Why markets need to be part of a climate-smart solution
Be honest. When was the last time you looked in your fridge and decided that the contents would be better off in the bin? Well according to the Food and Agricultural Organization, it was probably not that long ago. The statistics would put you in pretty good company: roughly one third of the world’s food produced for human consumption - approximately 1.3 billion tonnes - gets lost or wasted every year.
Statistics suggest that roughly the same amount of food is wasted in developed and developing countries. But in the latter, the loss occurs at post-harvest and processing levels, whereas in industrialised countries it happens at retail and consumer level.
That means that while people in developed countries are more likely to put their food in the bin once they’ve bought it, people in developing countries can’t get it to market to sell it in the first place.
Building more efficient farming systems
Whichever way you look at it, food loss and waste fuel vagrant squandering of precious land and water resources, and create a needless supply of greenhouse gas emissions. Yet at the same time, demand for more food is on the rise, driven by a growing, and wealthier population.
“As people get richer, they want to eat more protein,” said the World Fish Center’s Doug Beare. “More pork, more beef, more fish – and China is driving demand for fish worldwide,” he said.
While ramping up global food supply may be necessary, transforming our current global food supply and production systems into more efficient, multi-functional value chains will be crucial to achieving sustainability.
So as climate change experts and researchers gather to hammer out a site-specific road map for climate-smart villages, or “learning laboratories” in the region, it’s no wonder that getting food to and from markets in a more sustainable fashion was among the top criteria deliberated.

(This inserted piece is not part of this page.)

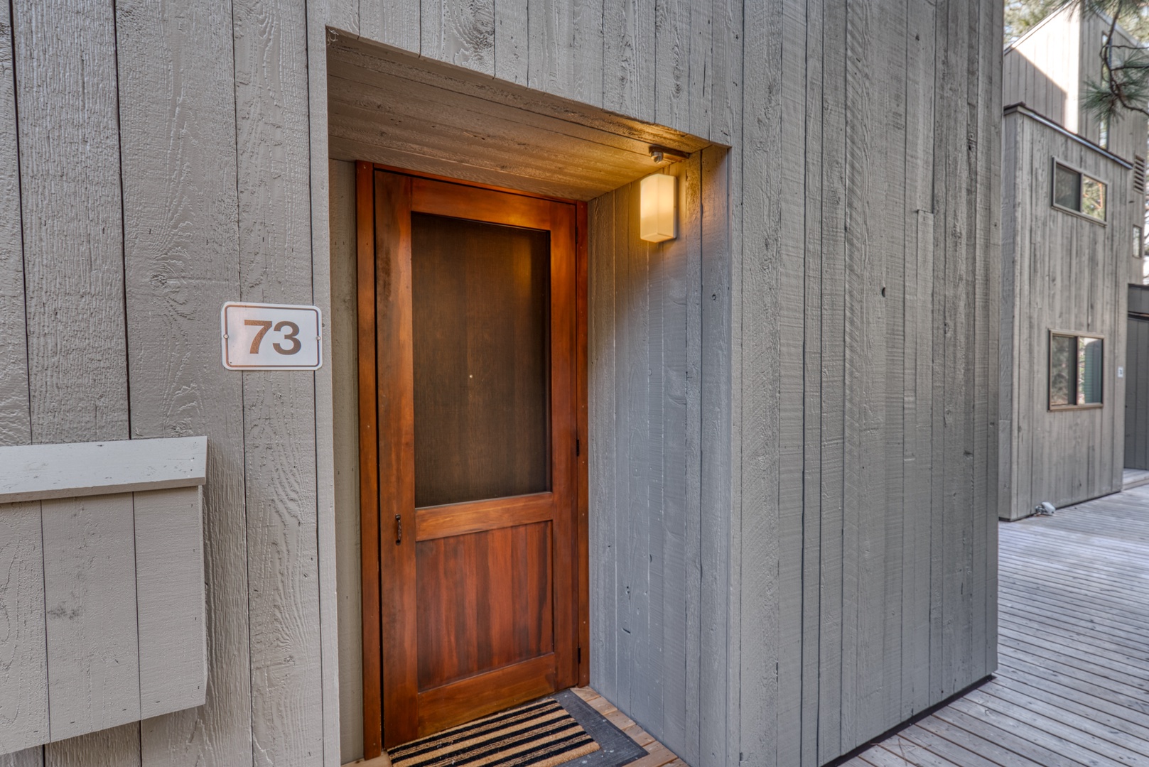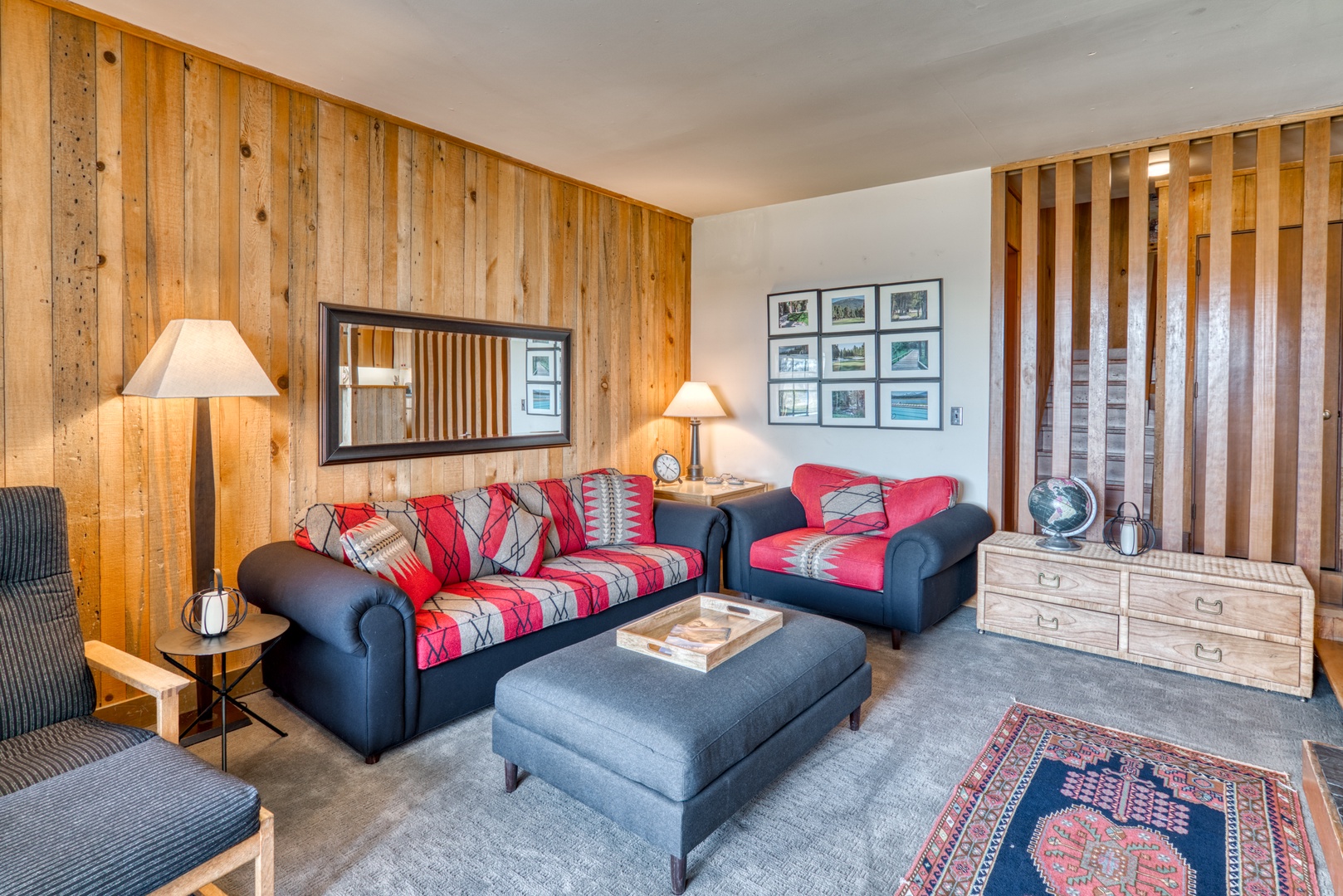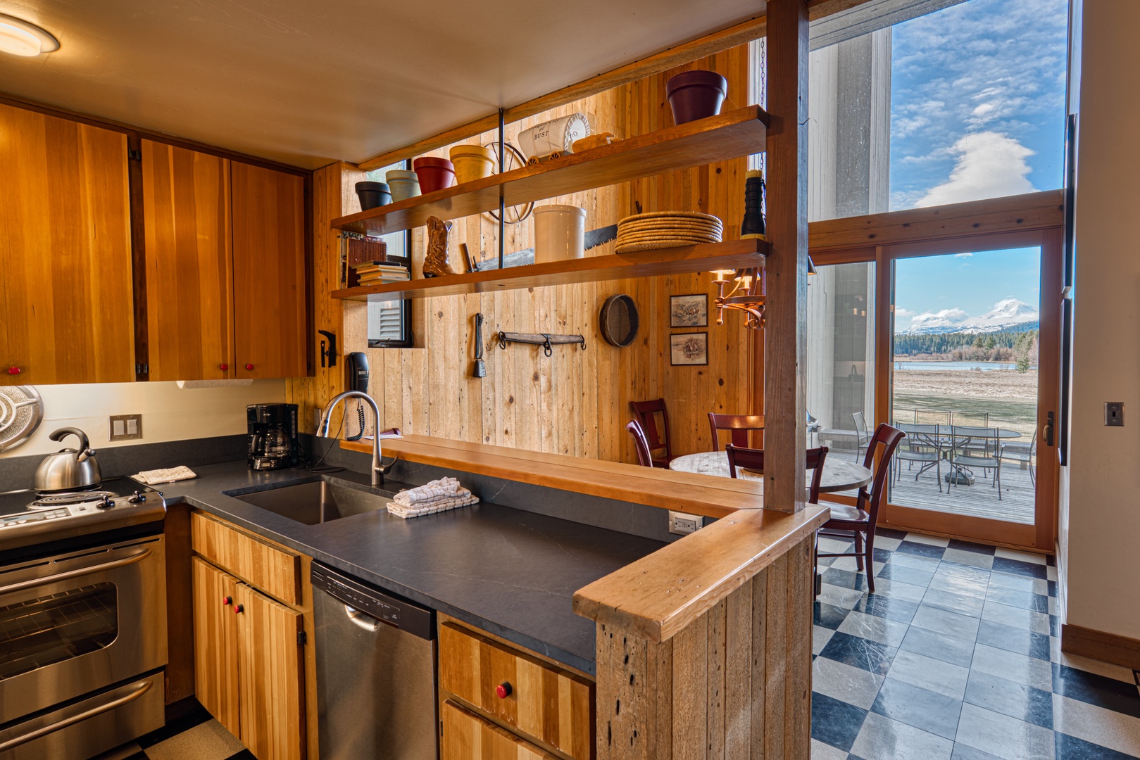 Country House Condo 073 has panoramic views of the meadow, lake and the Cascade mountains. The living room features a slate fireplace with a digital TV, DVD, VCR, MP3 compatible stereo and free wi fi throughout. Deck access is off the dining room. Comfortable outdoor furnishings are in place for relaxation on the deck, including a propane BBQ, perfect for the family evening at home. A full bath is also on the main level.

The climate-smart villages will constitute around six locations where researchers, government agencies, private sector, farmer groups and civil society organisations will collectively trial integrated solutions to climate change as part of the CGIAR Research Program on Climate Change, Agriculture and Food Security (CCAFS).
One question facing researchers is where to situate the villages. On the one hand they can't be situated in remote areas where no one can get to them. And on the other hand, putting them a stone’s throw away from an urban hub will make any lessons learned non-applicable, and not easily “scaled up” to the millions of people living in rural poverty.
Learn more: What are Climate-smart villages?
Taking into account huge diversity in agro-ecological zones throughout the region will be one challenge. Senior scientist at the World Agroforestry Centre Jianchu Xu, notes in addition that climate change impacts everybody – rural and urban, farmers and non-farmers. “It’s about climate smart development, institutional innovation and knowledge,” – that includes a holistic view of development in its broadest sense.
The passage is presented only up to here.